Reputation: 1057
I am having dataframe idf
as below.
feature_name idf_weights
2488 kralendijk 11.221923
3059 night 0
1383 ebebf 0
I have another Dataframe df
message Number of Words in each message
0 night kralendijk ebebf 3
I want to add idf weights
from idf
for each word in the "df" dataframe in a new column.
The output will look like the below:
message Number of Words in each message Number of words with idf_score>0
0 night kralendijk ebebf 3 1
Here is what I've tried so far, but it's giving the total count of words instead of word having idf_weight>0
:
words_weights = dict(idf[['feature_name', 'idf_weights']].values)
df['> zero'] = df['message'].apply(lambda x: count([words_weights.get(word, 11.221923) for word in x.split()]))
Output
message Number of Words in each message Number of words with idf_score>0
0 night kralendijk ebebf 3 3
Thank you.
Upvotes: 0
Views: 48
Reputation: 260640
Try using a list comprehension:
# set up a dictionary for easy feature->weight indexing
d = idf.set_index('feature_name')['idf_weights'].to_dict()
# {'kralendijk': 11.221923, 'night': 0.0, 'ebebf': 0.0}
df['> zero'] = [sum(d.get(w, 0)>0 for w in x.split()) for x in df['message']]
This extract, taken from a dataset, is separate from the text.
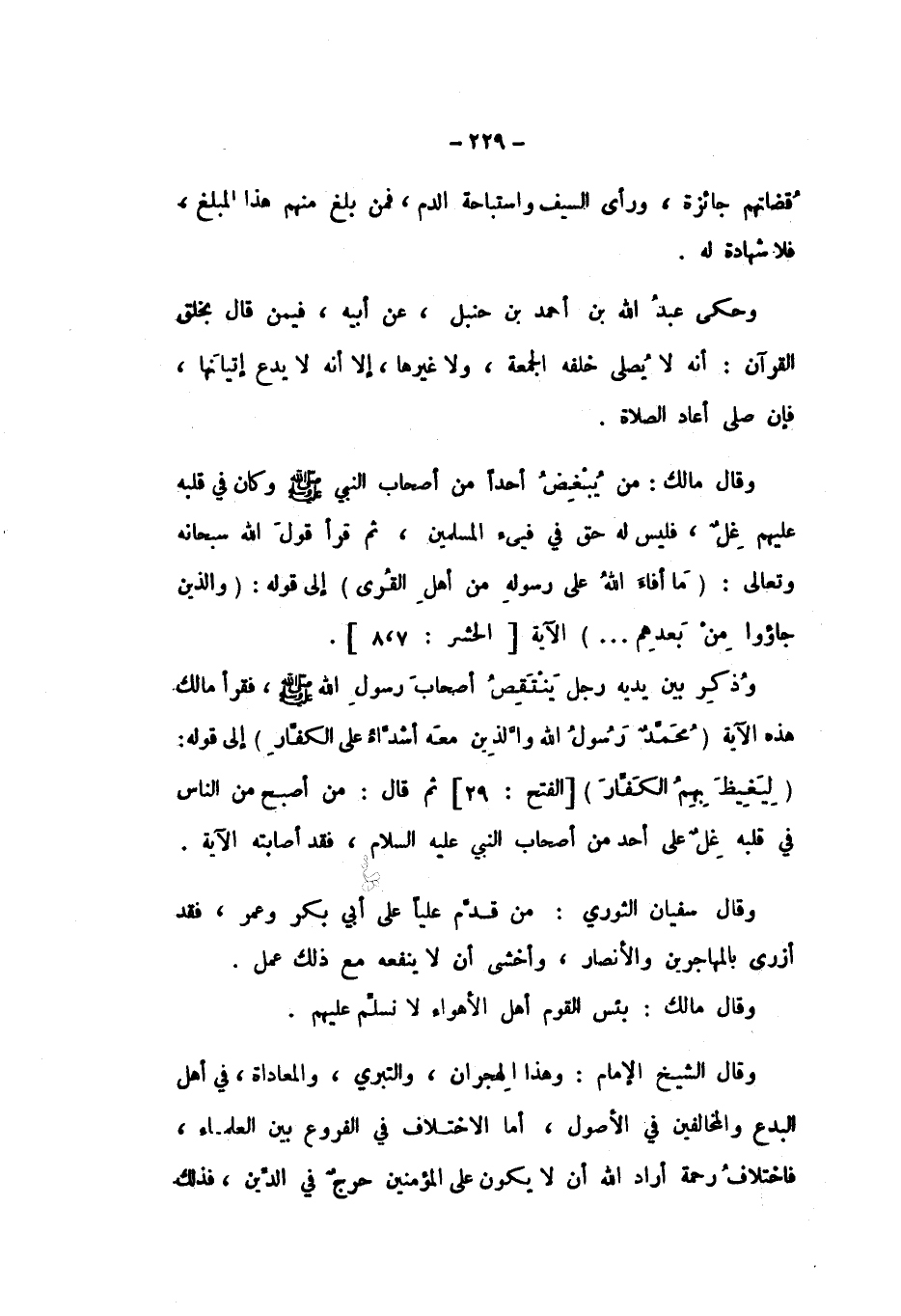 وَذُكِرَ بَيْنَ يَدَيْهِ رَجُلٌ يَنْتَقِصُ أَصْحَابَ رَسُولِ اللَّهِ صَلَّى اللَّهُ عَلَيْهِ وَسَلَمَّ، فَقَرَأَ مَالِكٌ هَذِهِ الآيَةَ: {مُحَمَّدٌ رَسُولُ اللَّهِ وَالَّذِينَ مَعَهُ أَشِدَّاءُ عَلَى الْكُفَّارِ إِلَى قَوْلِهِ لِيَغِيظَ بِهِمُ الْكُفَّارَ} [الْفَتْح: 29] ثُمَّ قَالَ: مَنْ أَصْبَحَ مِنَ النَّاسِ فِي قَلْبِهِ غِلٌّ عَلَى أَحَدٍ مِنْ أَصْحَابِ النَّبِيِّ صَلَّى اللهُ عَلَيْهِ وَسَلَّمَ، فَقَدْ أَصَابَتْهُ الآيَةُ.

## OR, slighlty faster alternative
# df['> zero'] = [sum(1 for w in x.split() if d.get(w, 0)>0) for x in df['message']]
output:
message Number of Words in each message > zero
0 night kralendijk ebebf 3 1
Upvotes: 3
Reputation: 120409
You can use str.findall
: the goal here is to create a list of feature names with a weight greater than 0 to find in each message.
pattern = fr"({'|'.join(idf.loc[idf['idf_weights'] > 0, 'feature_name'])})"
df['Number of words with idf_score>0'] = df['message'].str.findall(pattern).str.len()
print(df)
# Output
message Number of Words in each message Number of words with idf_score>0
0 night kralendijk ebebf 3 1
Upvotes: 3